Ninety percent (3.1 billion) of the women in the world today live in countries where there is a mammoth women’s empowerment deficit and the gender gap is a yawning chasm. This is according to a joint United Nations Development Programme (UNDP) and UN Women global report, which was launched on July 18, at the Women Deliver Conference in Kigali, Rwanda.
With a mere seven years to the 2030 deadline of the Sustainable Development Goals 2030, one of which is gender equality, the researchers and writers who produced the report have found that no country in the world has achieved full gender parity. Additionally, fewer than one percent of women and girls live in a country with high women’s empowerment and a small gender gap, said the report, which saw UN Women and UNDP join forces to propose the Global Gender Parity Index (GGPI) and the Women’s Empowerment Index (WEI) as the twin indices for measuring gender parity and women’s empowerment.
The former, according to the report, “evaluates the status of women relative to men in core dimensions of human development, including health, education, inclusion, and decision-making”. The latter, “measures women’s power and freedoms to make choices and seize life opportunities across five dimensions: health, education, inclusion, decision-making, and violence against women”.
Despite there being near parity in numbers – data from Statista placed the global population in 2020 at 3.91 billion men and 3.85 billion women – the researchers found only four countries where women’s place in the legislature did not closely resemble lip service.
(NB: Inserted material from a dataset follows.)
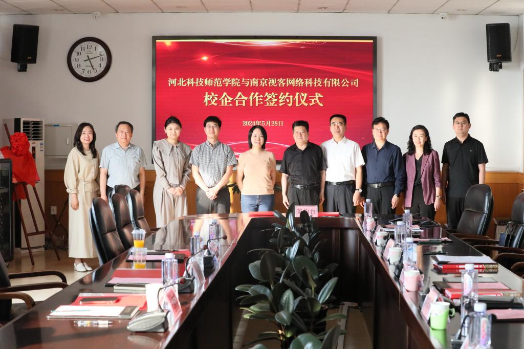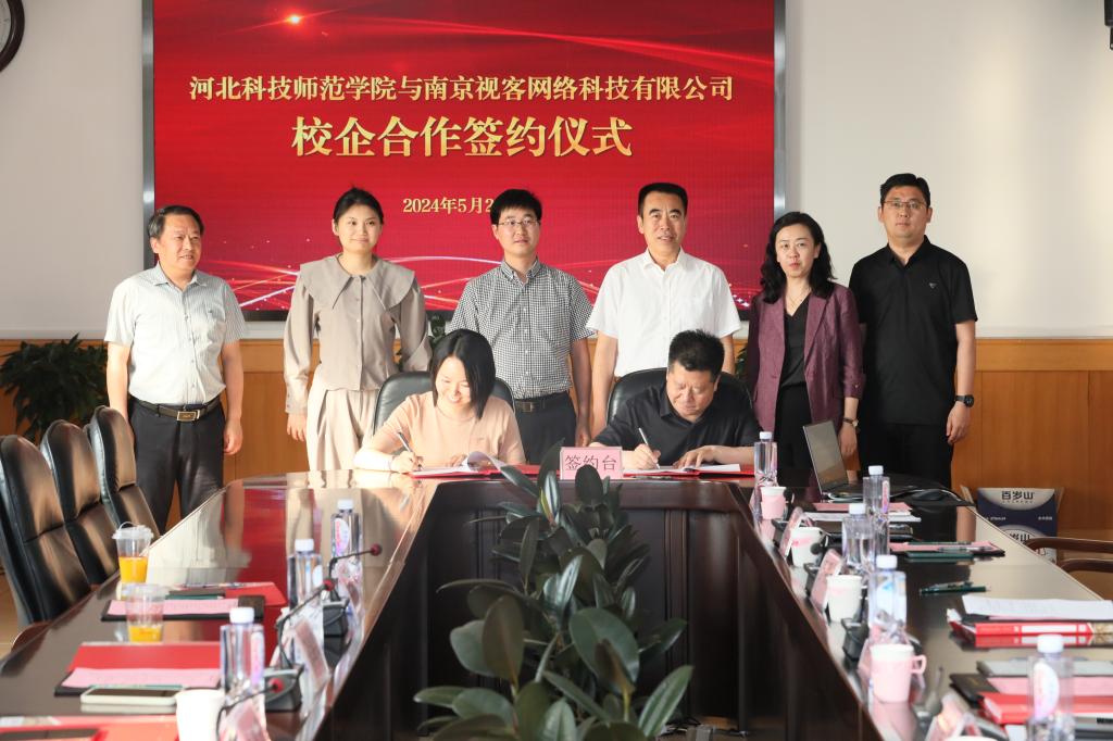 校党委常委、副校长冯瑞银与南京视客网络科技有限公司副总经理缪继红共同签署了校企合作协议,并举行了实践教学与就业基地揭牌仪式。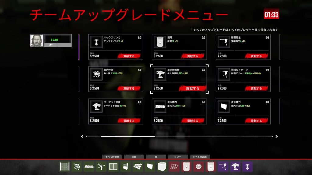 武器や防御施設のアップグレードは$(ドル)を消費して行う。

In Cuba, Mexico, Nicaragua and Rwanda women hold a majority of seats in parliament, the report said, and in Antigua and Barbuda, the Plurinational State of Bolivia and Iceland, they outnumber men in local governments. On the other hand, in the United Arab Emirates (UAE), women have held 50 percent of the seats in parliament since 2019 when a quota was set by presidential decree. However, that country’s record on women’s rights is subpar as there is still significant discrimination against women and girls, including laws that allow men to claim ‘guardianship authority’ over adult women and loopholes where they receive reduced sentences for killing female relatives, among other things.
Most of this might seem far-fetched and some of it familiar. It is both. There is that wow factor when one considers the progress made in the first four countries named, particularly Cuba and Rwanda, where well-known setbacks some years ago might have appeared to be insurmountable. One could empathise with the women in the UAE, whose apparent legislative empowerment is so cosmetic it could very well have been produced by Mary Kay. However, one might instead want to save that empathy for the home front.
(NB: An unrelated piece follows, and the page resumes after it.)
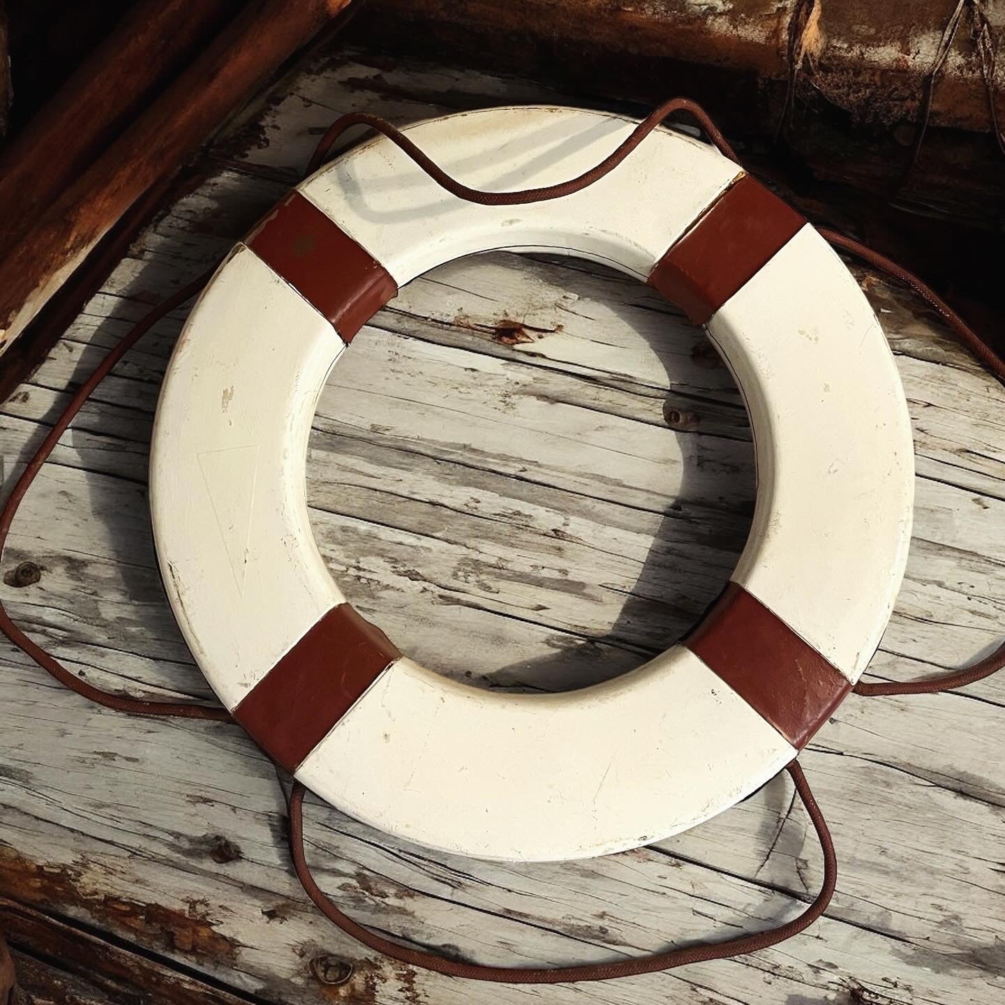Ecco cosa abbiamo recuperato per lui da un vecchio battello che faceva tratte turistiche fluviali: un bellissimo salvagente decorativo d’epoca, in legno e corda, con una splendida patina del tempo e dimensioni decisamente generose - il diametro misura ben 78 cm. Si tratta di un oggetto vecchio, autenticamente brocante, niente a che vedere con certe riproduzioni contemporanee cinesi……. 👀👀 Renderà splendido un alloggio marittimo, una vetrina a tema estivo.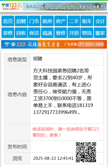 方大科技园紧急招聘2名带货主播,要求22到40岁,形象好会说普通话,有上进心责任心,接受能力强,无责工资3700到10000不等,简单易上手,联系电话1813191372917733996499 【电话咨询时,请一定说明在宁晋123看到的,谢谢!】 |

The finalised data for Guyana’s 2012 population census, found on the Bureau of Statistics’ website, places the adult population in this country at 723,181 of which there were 358,845 men and 364,336 women. The hypocrisy offered up as women’s empowerment was evident in their representation in the 2011 Cabinet – of the 20+ members, five were women – 23.8 percent. The parliamentary opposition had similar numbers. When the government changed in 2015, the Cabinet increased, but of the 26+ places, only nine went to women, upping the percentage to 34.6.
The 25 ministerial portfolios handed out after the 2020 election saw seven going to women – 28%. While all of the data is fairly recent, the representation of women in the governing of this country has always been the bare minimum, even when a woman was the president. This boggles the mind as the evidence over the years shows women and girls on par with or outstripping their male counterparts in nearly every educational field.
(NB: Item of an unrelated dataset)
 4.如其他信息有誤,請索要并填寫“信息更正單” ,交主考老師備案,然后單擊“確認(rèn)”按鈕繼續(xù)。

Yet, insultingly, women’s empowerment seems relegated to craft making, sewing, manufacturing condiments and such like. Not that there’s anything wrong with any kind of economic empowerment, but since women’s political participation has grown by leaps and bounds (they have long been suspected to be the majority at polling booths during elections), they need to see themselves represented more in local and central government. Indeed the patriarchal mindset, which also exists among women, that a man, any man, would do a better job, needs to be expunged from our consciousness. We have all seen, on too many occasions, men placed in positions beyond their mental, moral or educational capacities; it is not a good look.
Correcting the leadership gender disparity across all sectors of society might also be the catalyst that breaks the back of pervasive violence against women. While more women, and men too, are speaking out against this scourge, it bears remembering that much of it is linked to power and control. Erasing the stereotypes of women as the weaker sex would work in favour of them realising their fullest potential, which is what every human deserves.